Does Qwen2-VL 2B support function calling?

Qwen2-VL 2B does not natively support function calling, but you can integrate it with external functions through custom scripts or APIs.

Qwen2-VL 2B quantization options?

Qwen2-VL 2B supports various quantization options, including 4-bit and 8-bit quantization, which can reduce VRAM usage and improve inference speed.

Can Qwen2-VL 2B run on CPU?

While Qwen2-VL 2B can run on a CPU, it will be significantly slower compared to running on a GPU due to the model's size and complexity.

Qwen2-VL 2B fine-tuning?

Qwen2-VL 2B can be fine-tuned for specific tasks using a dataset relevant to your use case, but this requires a significant amount of computational resources and expertise.

Qwen2-VL 2B system requirements?

Qwen2-VL 2B requires a system with at least 1.4 GB to 2.0 GB of VRAM, 8 GB of RAM, and a modern CPU. A compatible GPU and CUDA environment are highly recommended for optimal performance.

Qwen2-VL 2B performance benchmark?

Qwen2-VL 2B can process around 50-100 tokens per second on a mid-range GPU, but actual performance can vary based on hardware and quantization level.

Qwen2-VL 2B for RAG?

Qwen2-VL 2B can be used in Retrieval-Augmented Generation (RAG) systems, but it may require additional integration and fine-tuning to optimize performance.

Qwen2-VL 2B for agents?

Qwen2-VL 2B can be integrated into agent-based systems to enhance their ability to understand and interact with visual and textual information.
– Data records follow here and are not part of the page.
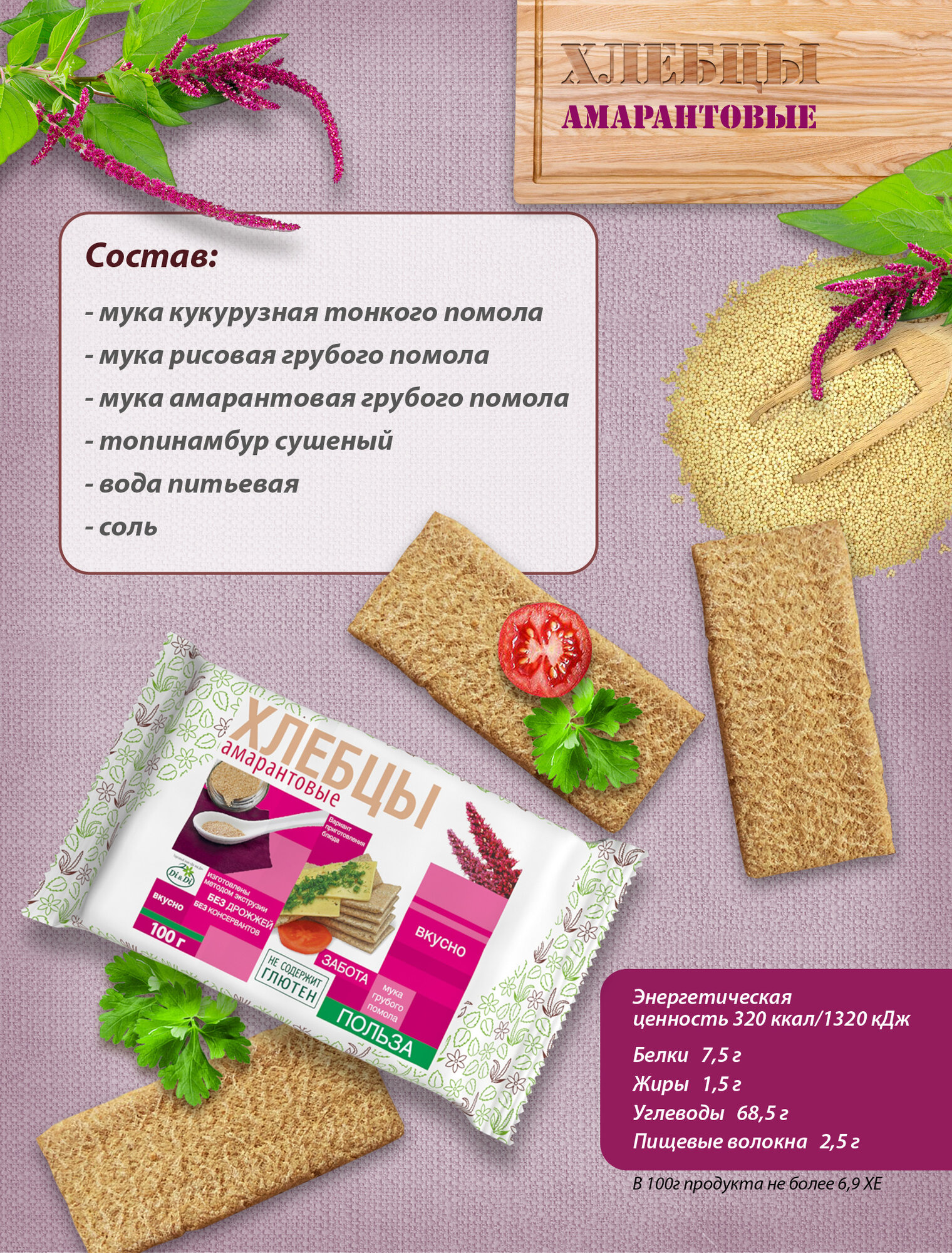 Состав: топинамбур, мука амарантовая, мука рисовая цельнозерновая, мука кукурузная, соль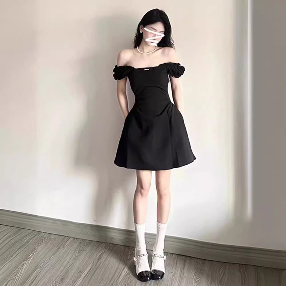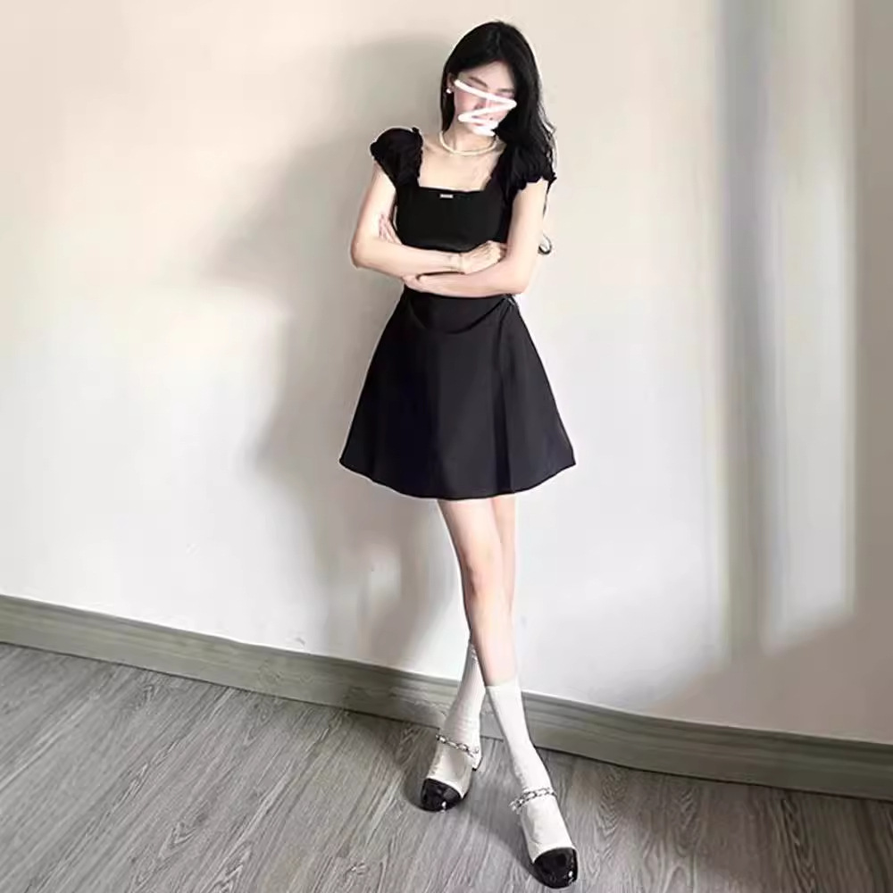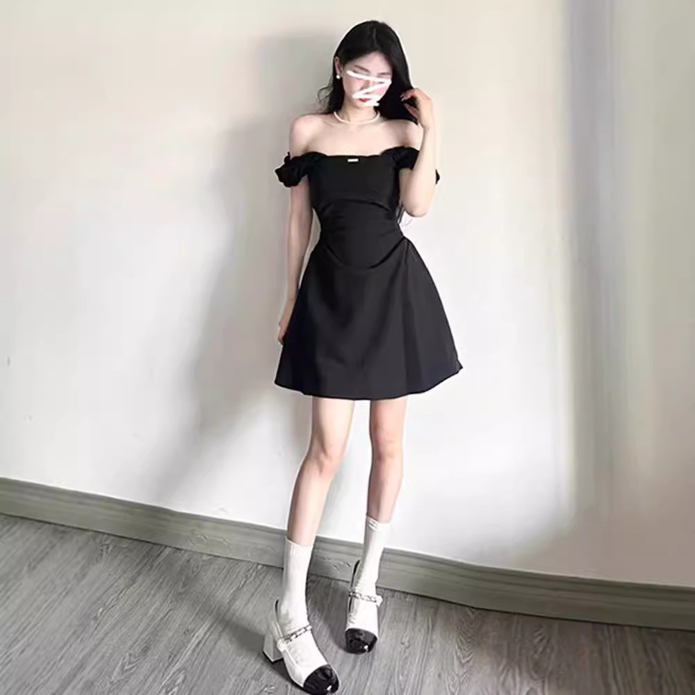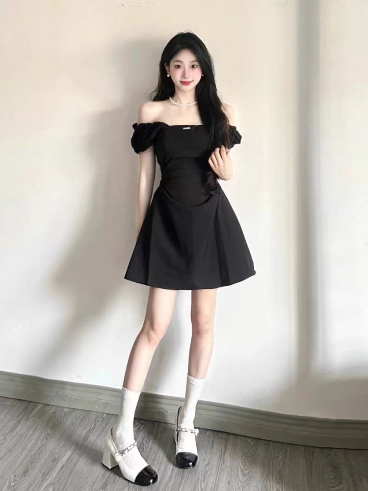 高级感黑色一字肩收腰连衣裙女夏季赫本风方领气质显瘦A字短裙子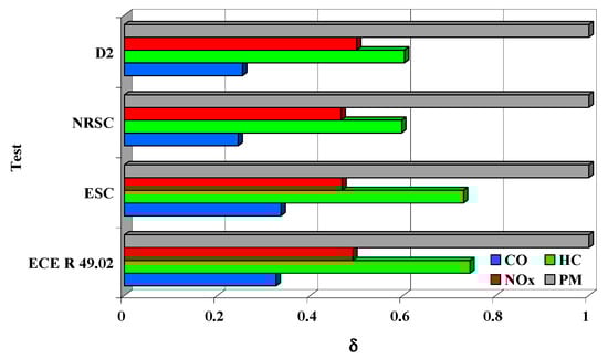 The test studies, which concerned the pollutant emission (carbon oxide—CO, hydrocarbons—HC, particulate matter—PM and nitrogen oxides—NOx), corresponded to the static operating states of the engine. The basis test is the D2 test for studying the emission of pollutants from internal combustion engines used to drive power generators with variable load, as per the ISO 8178-4 standard []. For comparative purposes, the authors also conducted studies within other static tests [,]: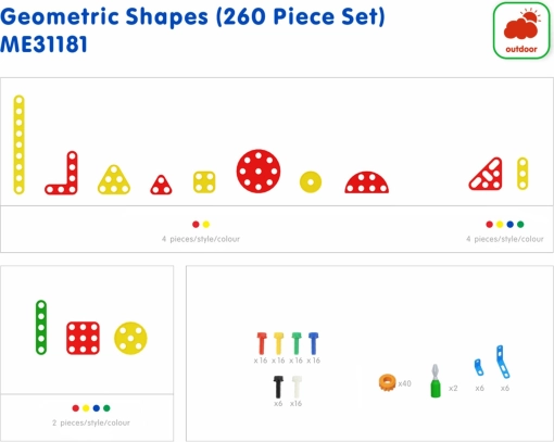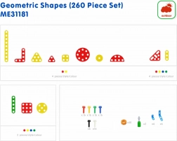 Ovaj sveobuhvatni set sadrži kvadrate, trokute, krugove, polukrugove i plosnate trake u nekoliko boja, koje se zahvaljujući otvorima lako pričvršćuju pomoću vijaka na panele, stolove ili kolica Masterkidz. Djeca mogu stvarati uzorke, cvjetove i složenije konstrukcije te pritom vježbati planiranje, odabir elemenata i doradu detalja.
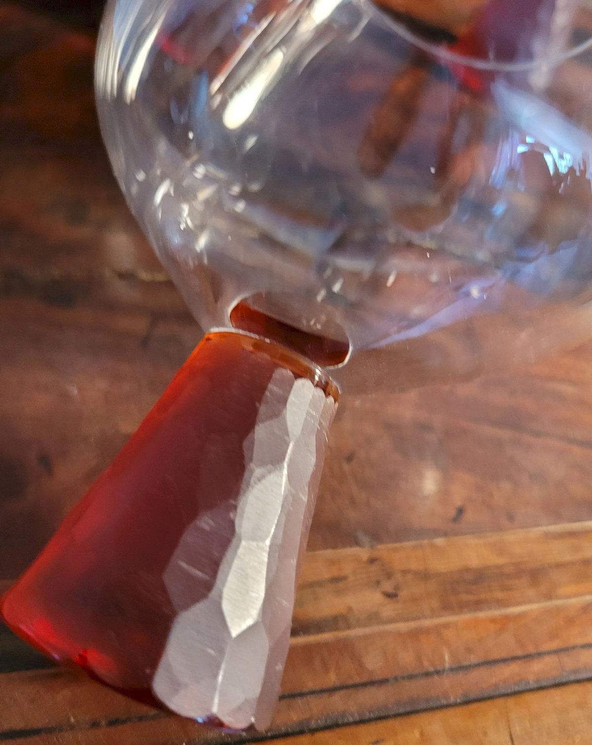 Lot 5 verres à pied Grand Marnier pied rouge à facette.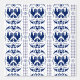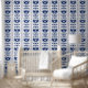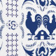 Blauw en wit landelijk rustiek decor patroon met rug-tot-rug hanen en een schuur met extra bloemstijl (floralia) details van Holiday Hearts Design.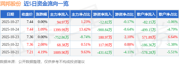 证券之星消息,截至2025年10月27日收盘,润邦股份(002483)报收于7.44元,上涨0.0%,换手率1.18%,成交量10.44万手,成交额7750.83万元。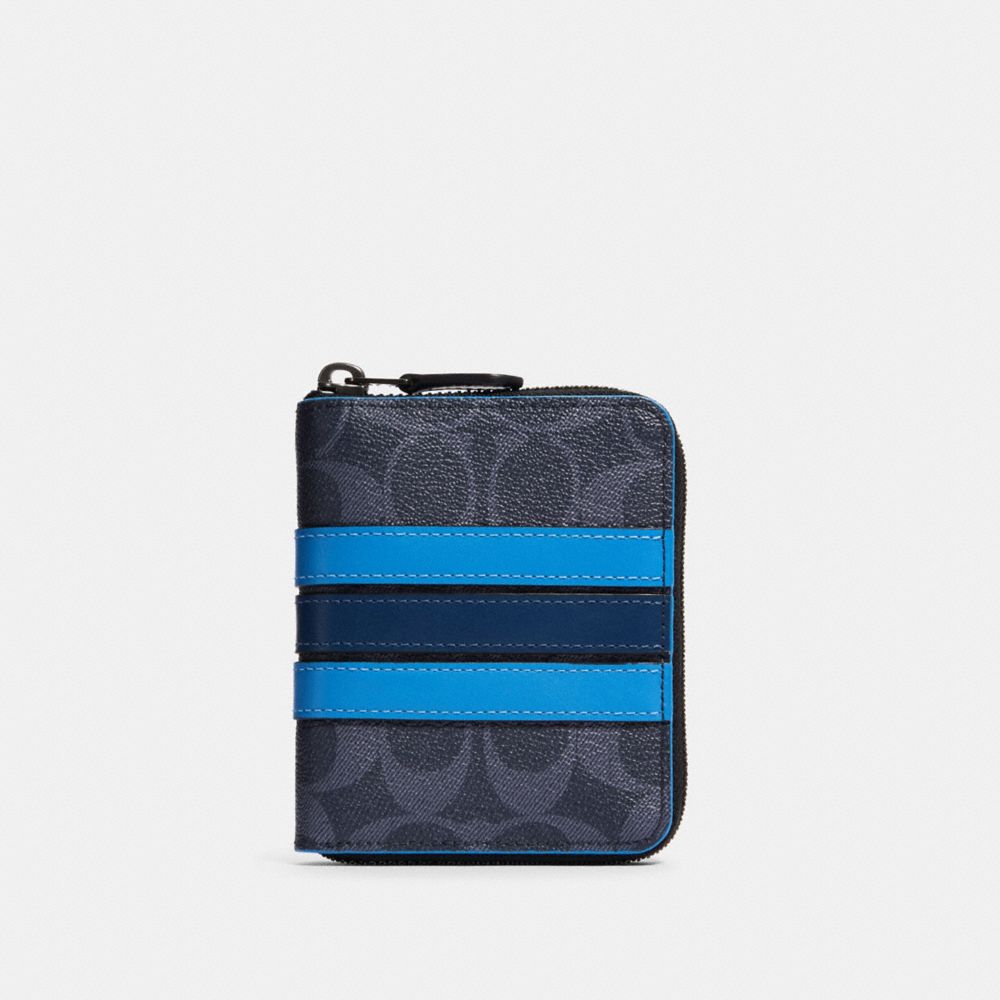 MEDIUM ZIP AROUND WALLET IN SIGNATURE CANVAS WITH VARSITY STRIPE (COACH 91674)

Qwen2-VL 2B for coding vs general?

Qwen2-VL 2B is better suited for general multimodal tasks like image understanding and question-answering, rather than specialized coding tasks.

Qwen2-VL 2B vs ChatGPT?

Qwen2-VL 2B is a compact multimodal model with 2.2 billion parameters, while ChatGPT is a larger, text-only model with over 175 billion parameters, making it more powerful for text generation tasks.

Qwen2-VL 2B download size?

The download size of Qwen2-VL 2B varies depending on the quantization level, but it typically ranges from 1 GB to 2 GB.

Best quant for Qwen2-VL 2B?

The best quantization level for Qwen2-VL 2B depends on your specific needs. 4-bit quantization offers the best balance between performance and VRAM efficiency, while 8-bit provides higher accuracy.